Credit Dr. Seuss Collection in the Mandeville Special Collections Library at UCSD / bit.ly/1h6mJYm

Pease says that Suess was enraged by the paradox of the news accounts  – and shortly thereafter, took a job as chief editorial cartoonist for the New York tabloid, PM.  Over the next few years he drew more than four-hundred political cartoons. 

“He created these caricatures rather quickly, because he worked by way of the impulse that news of the day had generated – he worked by way of the anger, the invective – he also needed to meet a deadline. So that work, although it bears some rudimentary relation to the later children’s books, it doesn’t have any of the finish, or the framing, or the wit, or the zaniness that’s evident in his children’s books.”
Credit Credit Dr. Seuss Collection in the Mandeville Special Collections Library at UCSD / bit.ly/1DQg5PW

It’s a strange experience, looking over these cartoons – Seuss’s children’s books are often described as timeless, but these strips are anything but.  In some cases, classic Seuss characters are presented completely outside their familiar context. 

The GOP, for example, is represented in Seuss’s strips as an elephant –  as is the case with most political cartoonists – only Seuss’s republican pachyderm looks just like the lovable Horton

Early on, his strips frequently attacked Hitler overseas, and the American isolationist movement.  After December of 1941, his strips took on a new target.

After Pearl Harbor [Seuss] turned to Japanese civilians as well as citizens as a target for his caricatures and some of them were quite stereotyped and vicious.

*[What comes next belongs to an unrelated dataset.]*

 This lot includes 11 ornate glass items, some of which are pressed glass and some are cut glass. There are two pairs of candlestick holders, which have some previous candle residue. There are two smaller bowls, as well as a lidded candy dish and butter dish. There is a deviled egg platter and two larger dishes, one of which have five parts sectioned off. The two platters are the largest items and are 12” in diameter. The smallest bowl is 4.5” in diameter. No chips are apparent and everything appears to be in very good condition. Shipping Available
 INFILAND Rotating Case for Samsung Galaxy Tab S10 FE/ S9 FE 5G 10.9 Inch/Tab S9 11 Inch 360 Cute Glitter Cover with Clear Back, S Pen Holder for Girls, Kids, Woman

He nevertheless deeply regretted having constructed those caricatures… and as he would explain when he released Horton Hears a Who for publication, the refrain “a person is a person no matter how small” was one effort at apologizing to the Japanese people for the demonizing caricatures he constructed of them during the war.

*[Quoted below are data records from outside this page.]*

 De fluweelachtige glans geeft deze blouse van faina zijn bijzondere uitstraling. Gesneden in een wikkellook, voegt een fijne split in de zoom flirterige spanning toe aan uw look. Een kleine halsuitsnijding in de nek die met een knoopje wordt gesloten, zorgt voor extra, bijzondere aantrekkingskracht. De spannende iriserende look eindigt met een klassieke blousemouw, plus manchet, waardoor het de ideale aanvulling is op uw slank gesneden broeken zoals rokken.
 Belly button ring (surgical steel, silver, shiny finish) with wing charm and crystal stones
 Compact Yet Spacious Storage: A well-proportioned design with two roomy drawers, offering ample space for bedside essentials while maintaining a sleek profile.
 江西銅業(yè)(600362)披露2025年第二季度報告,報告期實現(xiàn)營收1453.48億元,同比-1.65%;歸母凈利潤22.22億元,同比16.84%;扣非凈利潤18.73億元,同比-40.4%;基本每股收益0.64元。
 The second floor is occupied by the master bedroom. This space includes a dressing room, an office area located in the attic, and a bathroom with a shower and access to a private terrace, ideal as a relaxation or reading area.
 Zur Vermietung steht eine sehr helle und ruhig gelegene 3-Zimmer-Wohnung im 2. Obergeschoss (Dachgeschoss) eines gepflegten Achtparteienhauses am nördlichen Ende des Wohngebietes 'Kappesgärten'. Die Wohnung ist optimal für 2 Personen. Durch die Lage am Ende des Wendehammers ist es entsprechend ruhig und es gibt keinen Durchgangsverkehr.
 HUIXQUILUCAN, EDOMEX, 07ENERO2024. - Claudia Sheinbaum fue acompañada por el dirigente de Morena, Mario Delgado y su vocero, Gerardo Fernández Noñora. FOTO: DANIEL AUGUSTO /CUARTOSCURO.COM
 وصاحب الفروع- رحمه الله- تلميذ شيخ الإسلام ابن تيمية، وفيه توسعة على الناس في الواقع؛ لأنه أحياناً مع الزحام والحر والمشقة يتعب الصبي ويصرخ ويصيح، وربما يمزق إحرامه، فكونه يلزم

So what led Theodor Geisel to turn his back on polemical subjects, in favor of Grinches, green eggs, and truffula trees?   The answer, Donald Pease says, goes all the way back to Geisel’s childhood when, ironically, Seuss was bullied for his German ancestry.  

Credit Dr. Seuss Collection in the Mandeville Special Collections Library at UCSD / bit.ly/1DNaKch

He and his sister Marnie were walking back and forth from school, and would be accosted, by fellow students that would scream “let’s kill the Kaiser’s kid!” Let’s get the drunken Hun!” After the war, he began to understand that the disposition that he had internalized to create those cartoons had actually turned him into a mirror image of those boys who had hit him with brick-bats when he was a little boy. He was now the bearer of the bricks, rather than target.

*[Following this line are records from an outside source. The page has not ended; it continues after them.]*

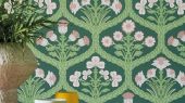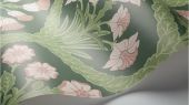 Узор обоев FLORAL KINGDOM Ballet Slipper & Leaf Green on Forest создан в неоготическом стиле в ручную. Из переплетённых листьев формируются смягчённые контуры килевидных арок, в центре которых расположены растения, символизирующие части Соединённого Королевства: весенние нарциссы — Уэльс, ароматные розы — Англия, раскрывающиеся розетки чертополоха — Шотландия, нежные веточки трилистника — Северная Ирландия. На выбор предлагается четыре варианта оформления в элегантных оттенках ботанической палитры.
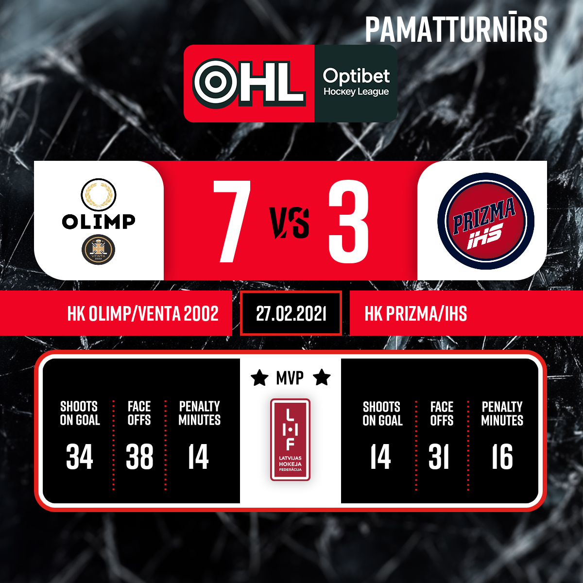 Labākie spēlētāji: HK Prizma/IHS komandā – Dāvis Straupe #62; HK Olimp/Venta 2002 komandā – Aleksandrs Jerofejevs #23
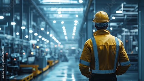 Worker in Yellow Jacket Observing Modern Industrial Facility with Advanced Equipment
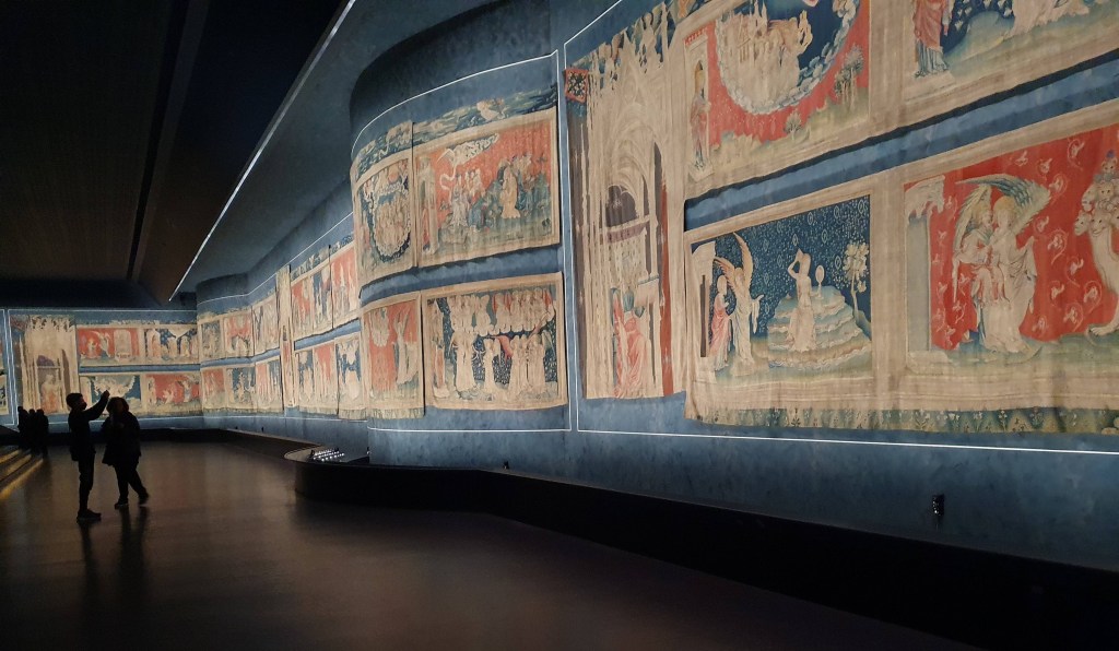 The castle houses the Apocalypse Tapestry, commissioned by the Duke of Anjou in the 14th Century and depicting the Revelation of St John. The tapestry is enormous, it was made in six sections each 6m high and 24m long. It is kept in a specially constructed building within the castle, where it wraps itself round three sides.
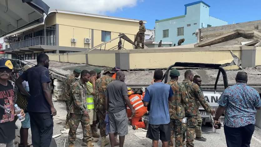 - AFP | Crée le 18.12.2024 à 07h26 | Mis à jour le 18.12.2024 à 08h16ImprimerDes forces de sécurité du Vanuatu et des habitants entourent un bâtiment détruit par le séisme, à la recherche d’éventuelles victimes. Photo AFP - MICHAEL THOMPSONLe tremblement de terre survenu mardi 17 décembre a déjà fait quatorze morts, selon un dernier bilan, et d’importants dégâts. La France a dit se tenir prête "à contribuer aux opérations de secours" si les autorités vanuataises le demandent.
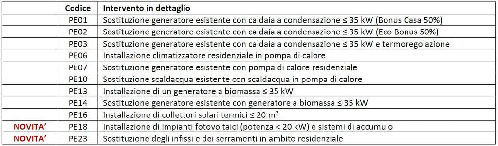 Validiamo ed effettuiamo la trasmissione Enea per i seguenti interventi:
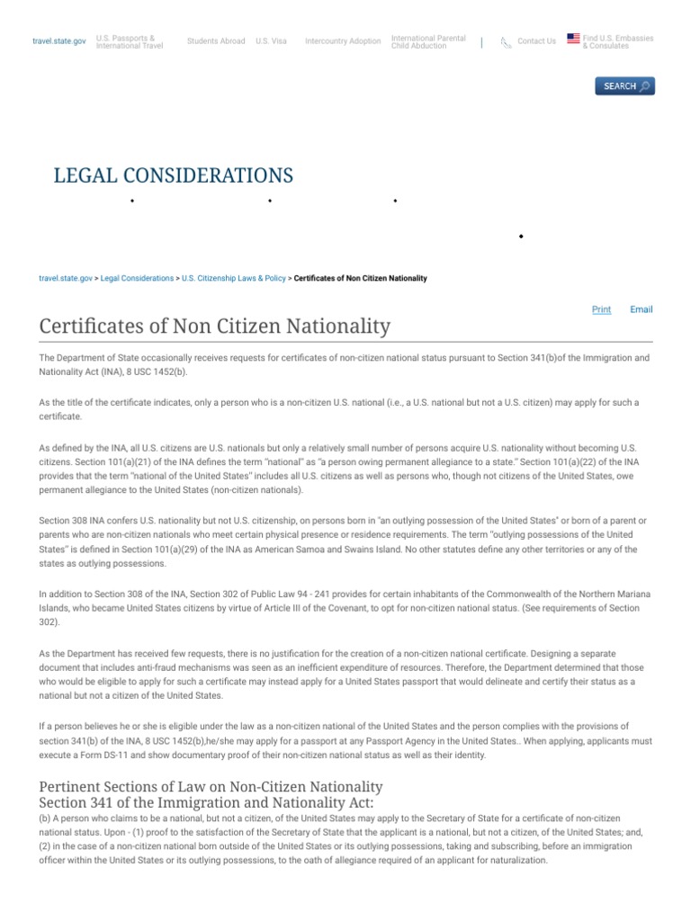 CERTIFICATE OF NON CITIZEN NATIONALITY: Requests from the Department of

It wasn’t until 1947 that Suess got back to writing children’s books – but over the next twenty years he went on to produce The Cat in the Hat, One Fish Two-Fish Red-Fish Blue-Fish, and the recently published What Pet Should I Get. And while some of these stories fall into the category of pure whimsy, others clearly connect Geisel’s days as a political cartoonist, and his work as a children’s author.  Again, Donald Pease:

It isn’t that he wanted to sacrifice the political import of his cartoons; he wanted instead to foster the love of equality, the desire for peace, a world in which human beings could be in relation to one another, a sense that they were celebrating jointly their freedom.

Sadly, Seuss’s hopes of ending partisanship and mutual antagonism hasn’t exactly panned out. After his book, The Lorax, was adapted into an animated feature in 2012, Lou Dobbs of Fox News lambasted the film as anti-business propaganda.  That reaction led Comedy Central’s web-series “Funny or Die” to produce an animated short called “The Conservative Lorax”.


For now, Seuss’s newly discovered posthumously published work, What Pet Should I Getdoesn’t seem to be garnering that kind of controversy. But who knows… animal lovers can be a pretty passionate group.